### AIM OF THE EXERCISE
From the entries below, reproduce exactly the lines from the one with "This magnificent wooden" through the one with "If you watch", both included, without images.
☆ ☆ ☆ ☆ ☆
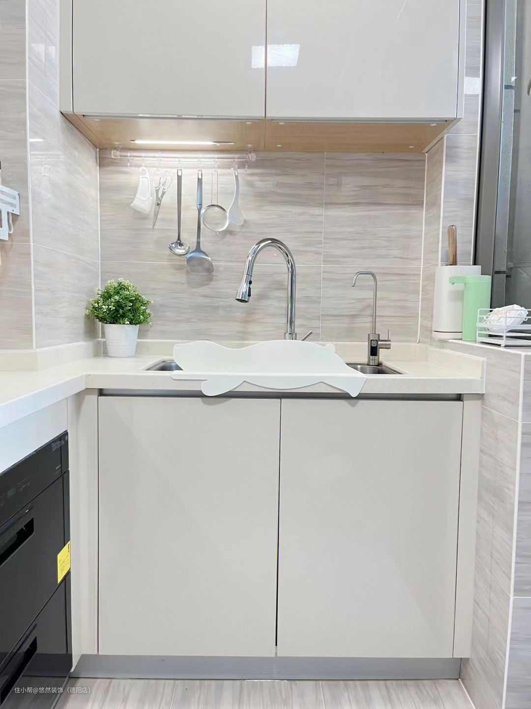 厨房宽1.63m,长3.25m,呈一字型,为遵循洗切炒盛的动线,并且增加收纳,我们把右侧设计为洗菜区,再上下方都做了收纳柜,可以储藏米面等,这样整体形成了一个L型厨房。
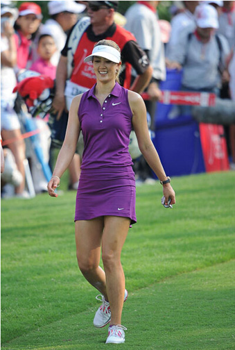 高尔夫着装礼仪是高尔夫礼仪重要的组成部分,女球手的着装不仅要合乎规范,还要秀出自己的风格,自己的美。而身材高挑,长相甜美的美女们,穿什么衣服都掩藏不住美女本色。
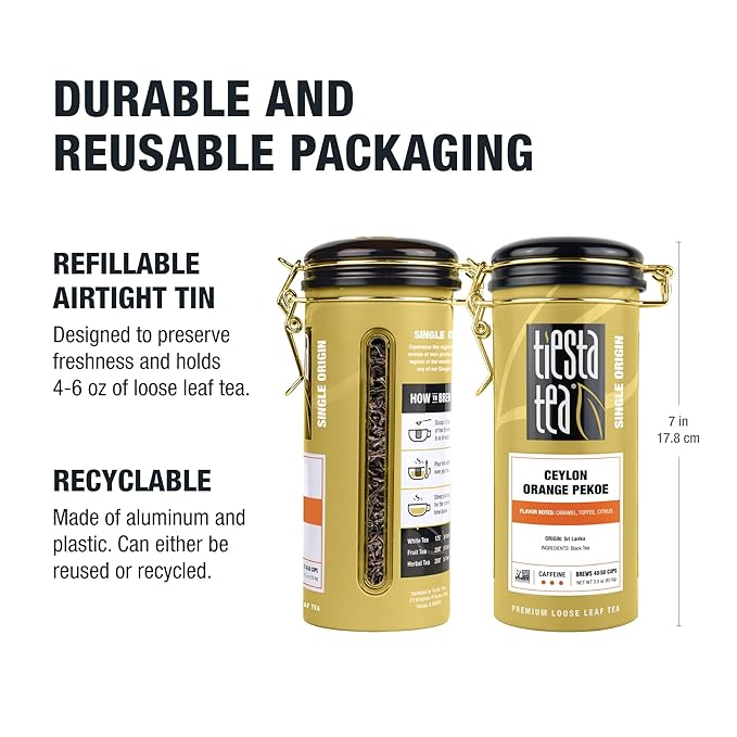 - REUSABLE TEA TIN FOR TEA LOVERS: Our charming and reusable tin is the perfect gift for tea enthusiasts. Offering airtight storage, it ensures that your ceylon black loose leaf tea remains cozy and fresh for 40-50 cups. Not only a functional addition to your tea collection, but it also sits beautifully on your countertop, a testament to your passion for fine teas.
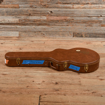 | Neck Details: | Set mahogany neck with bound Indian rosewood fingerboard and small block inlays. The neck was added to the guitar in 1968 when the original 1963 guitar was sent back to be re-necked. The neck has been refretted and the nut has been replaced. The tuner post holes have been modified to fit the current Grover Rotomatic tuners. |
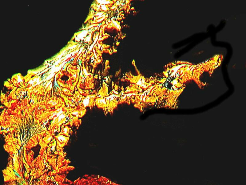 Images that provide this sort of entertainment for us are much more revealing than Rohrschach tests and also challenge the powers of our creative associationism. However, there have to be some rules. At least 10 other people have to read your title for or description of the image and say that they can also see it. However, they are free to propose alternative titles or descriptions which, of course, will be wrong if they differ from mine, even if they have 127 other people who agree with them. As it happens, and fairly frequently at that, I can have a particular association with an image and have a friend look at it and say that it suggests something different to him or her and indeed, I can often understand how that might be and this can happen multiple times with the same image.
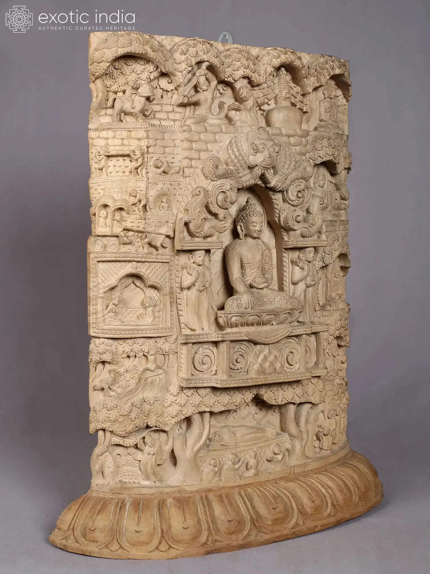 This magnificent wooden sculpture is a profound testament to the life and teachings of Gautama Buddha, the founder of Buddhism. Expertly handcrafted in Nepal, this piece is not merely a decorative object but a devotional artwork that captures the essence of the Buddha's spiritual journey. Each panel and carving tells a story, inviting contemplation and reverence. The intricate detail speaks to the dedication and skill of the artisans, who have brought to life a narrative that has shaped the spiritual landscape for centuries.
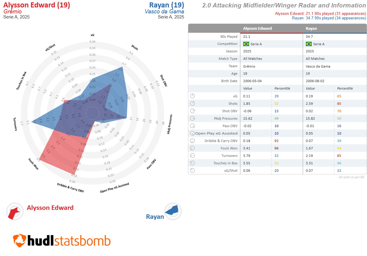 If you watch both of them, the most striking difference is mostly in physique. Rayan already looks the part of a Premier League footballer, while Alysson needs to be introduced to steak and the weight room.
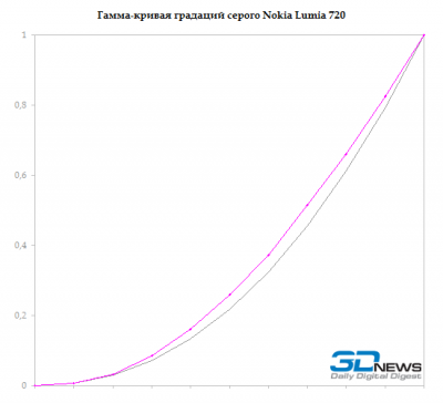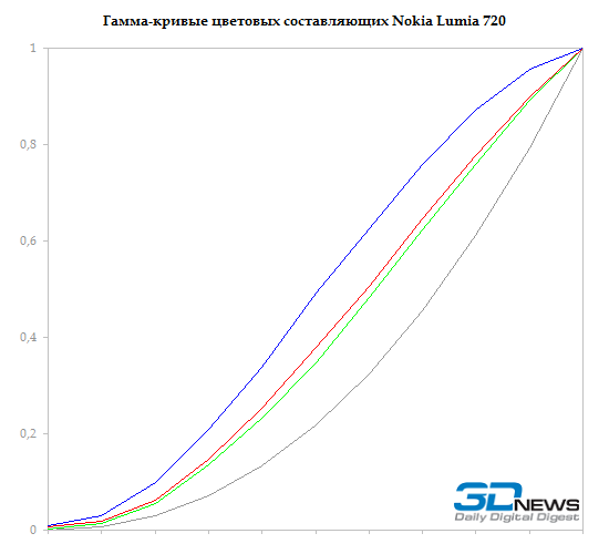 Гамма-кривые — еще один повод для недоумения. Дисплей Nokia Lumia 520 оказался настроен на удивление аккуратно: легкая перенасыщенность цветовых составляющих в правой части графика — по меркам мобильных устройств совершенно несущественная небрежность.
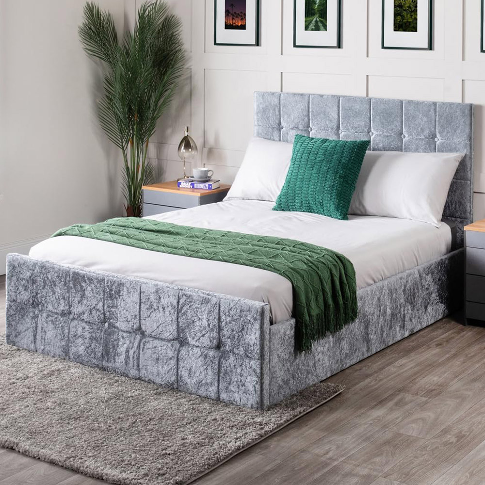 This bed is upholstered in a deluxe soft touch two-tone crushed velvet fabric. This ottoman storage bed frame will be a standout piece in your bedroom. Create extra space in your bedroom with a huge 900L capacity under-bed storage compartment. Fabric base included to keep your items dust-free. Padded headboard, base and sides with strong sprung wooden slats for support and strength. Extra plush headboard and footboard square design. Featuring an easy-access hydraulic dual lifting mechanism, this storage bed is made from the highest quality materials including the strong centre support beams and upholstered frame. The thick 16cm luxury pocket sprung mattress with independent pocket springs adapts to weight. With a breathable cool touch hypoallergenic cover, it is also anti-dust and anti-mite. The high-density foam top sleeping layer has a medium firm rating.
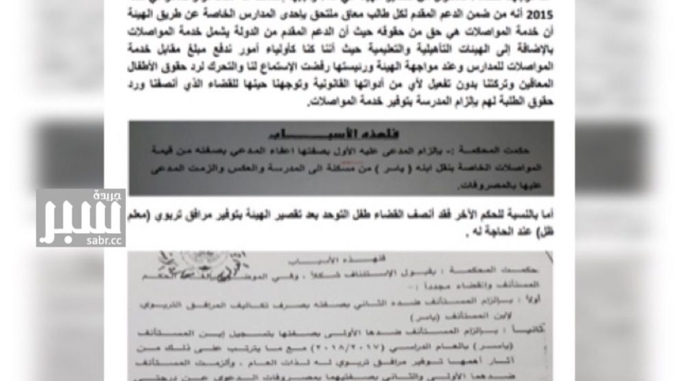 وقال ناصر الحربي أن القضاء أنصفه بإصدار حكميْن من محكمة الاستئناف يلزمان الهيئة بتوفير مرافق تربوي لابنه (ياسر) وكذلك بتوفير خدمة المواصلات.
☆ ☆ ☆ ☆ ☆
### SOLUTION TO THIS TASK
 This magnificent wooden sculpture is a profound testament to the life and teachings of Gautama Buddha, the founder of Buddhism. Expertly handcrafted in Nepal, this piece is not merely a decorative object but a devotional artwork that captures the essence of the Buddha's spiritual journey. Each panel and carving tells a story, inviting contemplation and reverence. The intricate detail speaks to the dedication and skill of the artisans, who have brought to life a narrative that has shaped the spiritual landscape for centuries.
 If you watch both of them, the most striking difference is mostly in physique. Rayan already looks the part of a Premier League footballer, while Alysson needs to be introduced to steak and the weight room.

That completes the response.